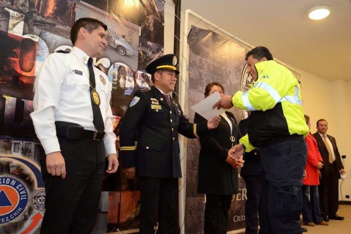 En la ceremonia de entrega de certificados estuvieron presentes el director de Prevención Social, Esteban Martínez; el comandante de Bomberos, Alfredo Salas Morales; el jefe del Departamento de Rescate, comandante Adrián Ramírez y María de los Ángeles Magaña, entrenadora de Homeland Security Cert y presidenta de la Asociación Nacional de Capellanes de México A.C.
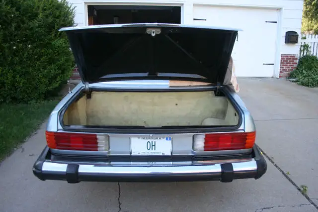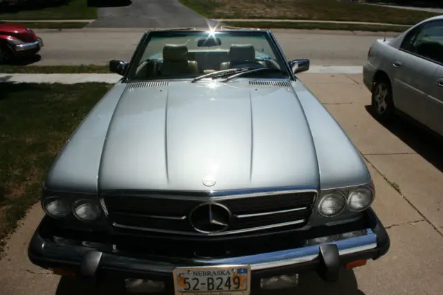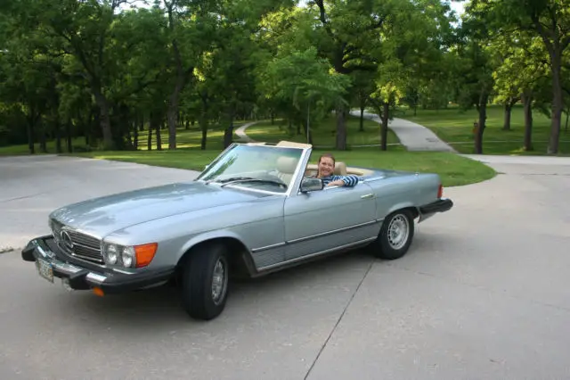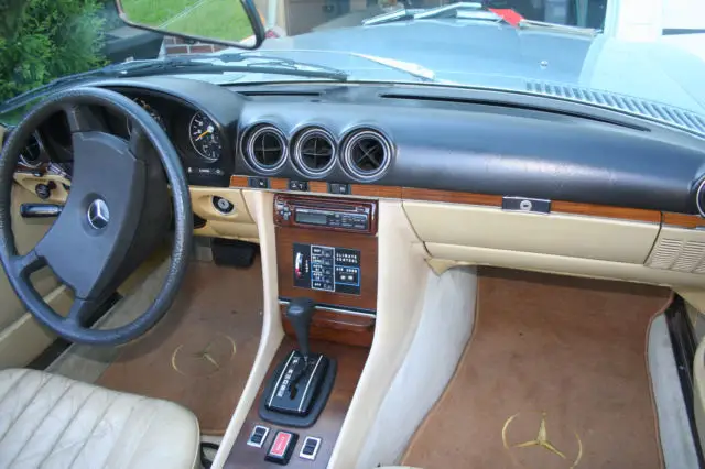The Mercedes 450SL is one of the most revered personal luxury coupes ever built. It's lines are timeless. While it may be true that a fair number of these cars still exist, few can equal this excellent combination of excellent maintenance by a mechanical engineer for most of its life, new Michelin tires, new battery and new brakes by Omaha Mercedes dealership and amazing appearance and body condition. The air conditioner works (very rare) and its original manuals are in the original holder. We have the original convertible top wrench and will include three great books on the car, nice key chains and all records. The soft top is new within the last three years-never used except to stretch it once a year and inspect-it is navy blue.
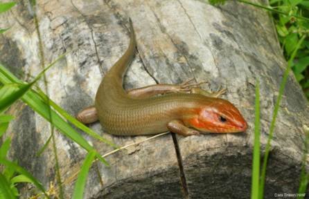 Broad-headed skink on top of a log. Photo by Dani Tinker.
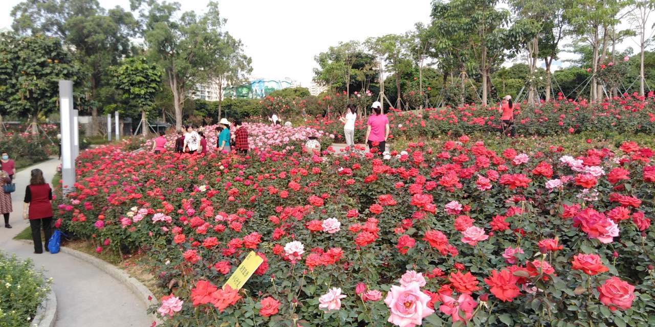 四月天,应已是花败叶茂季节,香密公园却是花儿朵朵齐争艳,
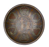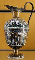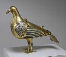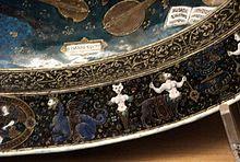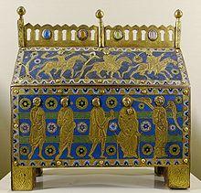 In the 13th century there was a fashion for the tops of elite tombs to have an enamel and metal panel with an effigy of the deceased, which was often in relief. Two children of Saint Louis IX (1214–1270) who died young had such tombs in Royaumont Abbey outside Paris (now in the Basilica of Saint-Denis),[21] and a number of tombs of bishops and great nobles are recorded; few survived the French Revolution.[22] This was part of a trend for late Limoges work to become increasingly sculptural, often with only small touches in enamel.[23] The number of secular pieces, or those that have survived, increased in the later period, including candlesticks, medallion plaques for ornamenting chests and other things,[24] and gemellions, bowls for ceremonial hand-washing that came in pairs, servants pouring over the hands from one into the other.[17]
=======
Your task is to retype exactly, and only, the lines from the one that holds "The Mercedes 450SL" through the end of the listing, both end lines included, without any pictures.

Solution to this task:
The Mercedes 450SL is one of the most revered personal luxury coupes ever built. It's lines are timeless. While it may be true that a fair number of these cars still exist, few can equal this excellent combination of excellent maintenance by a mechanical engineer for most of its life, new Michelin tires, new battery and new brakes by Omaha Mercedes dealership and amazing appearance and body condition. The air conditioner works (very rare) and its original manuals are in the original holder. We have the original convertible top wrench and will include three great books on the car, nice key chains and all records. The soft top is new within the last three years-never used except to stretch it once a year and inspect-it is navy blue.
 Broad-headed skink on top of a log. Photo by Dani Tinker.
 四月天,应已是花败叶茂季节,香密公园却是花儿朵朵齐争艳,
 In the 13th century there was a fashion for the tops of elite tombs to have an enamel and metal panel with an effigy of the deceased, which was often in relief. Two children of Saint Louis IX (1214–1270) who died young had such tombs in Royaumont Abbey outside Paris (now in the Basilica of Saint-Denis),[21] and a number of tombs of bishops and great nobles are recorded; few survived the French Revolution.[22] This was part of a trend for late Limoges work to become increasingly sculptural, often with only small touches in enamel.[23] The number of secular pieces, or those that have survived, increased in the later period, including candlesticks, medallion plaques for ornamenting chests and other things,[24] and gemellions, bowls for ceremonial hand-washing that came in pairs, servants pouring over the hands from one into the other.[17]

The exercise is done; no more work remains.